From Yiddish to Dutch
The decree also impacted the language spoken by many Jewish people, both publicly and privately: there was a shift from Yiddish to Dutch in public, and in the religious domain, Hebrew and Aramaic use were pared back in favour of Dutch. By 1890, the Leeuwarder dialect had become common in most Jewish homes, and as a sign of the extent to which the city had accepted its Jewish community, Yiddish terms began popping up in Liwadders around that time as well.
By the end of the 19th century, many Jewish individuals started leaving the more rural regions of the country, including the northern provinces, and heading to the west for better economic opportunities. Part of the reason was due to an agricultural crisis between the 1870s and 1890s, but the Jewish population in the city of Groningen continued to grow until around 1911 when there were 2,729 known Jewish inhabitants.

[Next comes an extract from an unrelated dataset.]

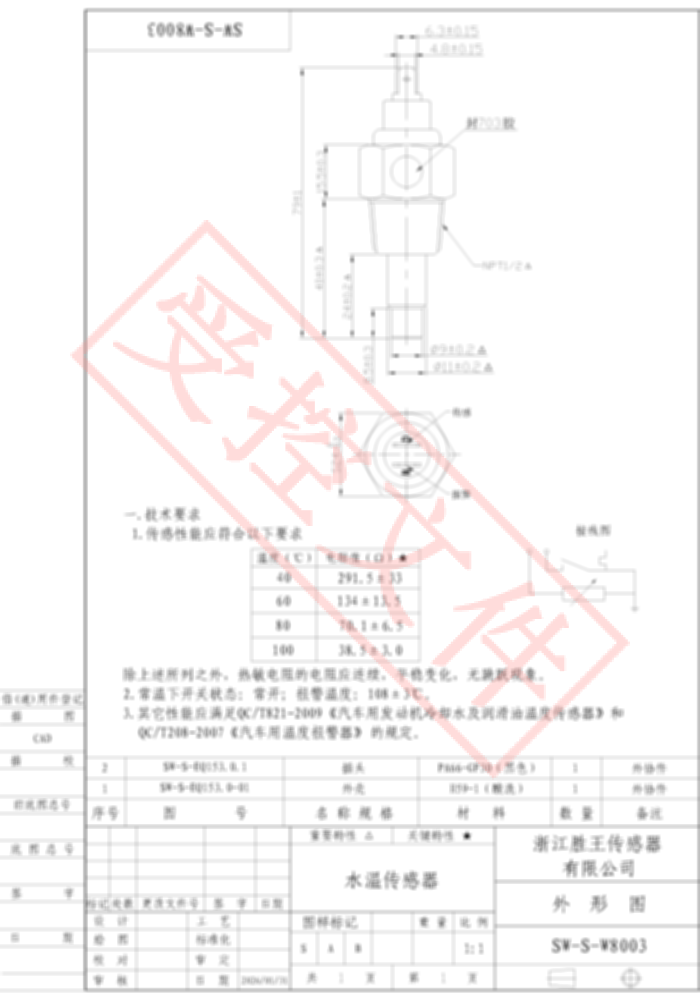 Coolant Water Temperature Sensor SW-S-W8003

Even though the Jewish neighbourhoods were becoming less insular and their inhabitants were leading increasingly secular lives, Groningen still recognised that its Jewish population was growing and decided that the city needed a larger synagogue to accommodate them. In 1905, Tjeerd Kuipers, a reformed Christian and locally renowned church architect, was asked to build the synagogue which is still standing at the Folkingestraat to this day.

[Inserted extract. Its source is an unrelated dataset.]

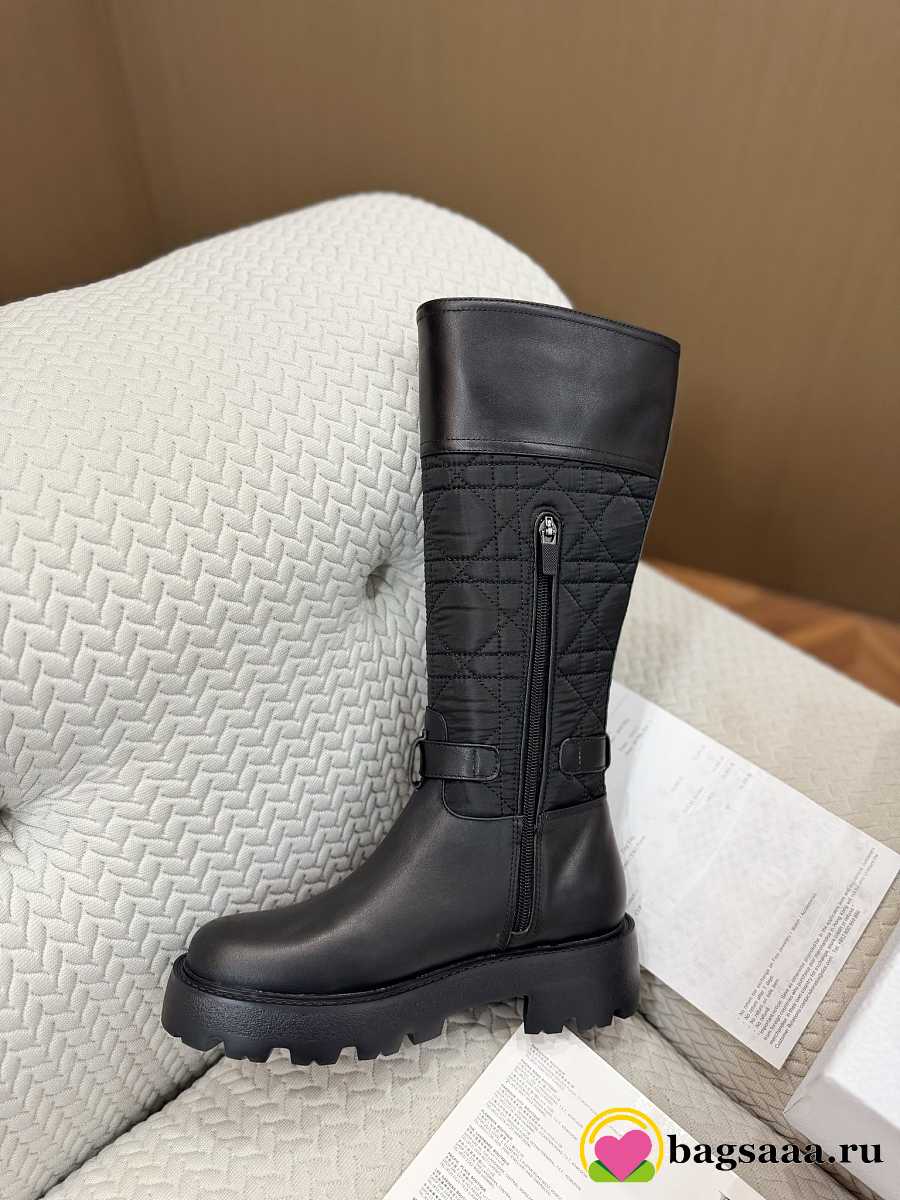 Bagsaaa Dior D-Town Boot Black Calfskin and Nylon with Embroidered Cannage Motif

But Kuipers had never built a synagogue before. Van Der Poel says that when Kuipers travelled to Germany to draw inspiration from the synagogues there, he encountered many Eastern-influenced designs from the Romantic movement in the 1800s. The ultimate result was a stately brick building with such a strong Asian influence that it could almost be mistaken for a mosque, albeit with a distinctly Christian design element: a cross-shaped floor plan. The new synagogue had room for 600 worshipers, including a separate section for women upstairs in keeping with orthodox tradition.

In the early 1930s, the lines between Jewish culture and Dutch culture were becoming ever more difficult to pin down. “You could argue that the notion of Jewish identity was actually quite a complicated puzzle,” Van Der Poel says. “It’s even hard to talk about a Jewish community because it was fragmented in different portions.”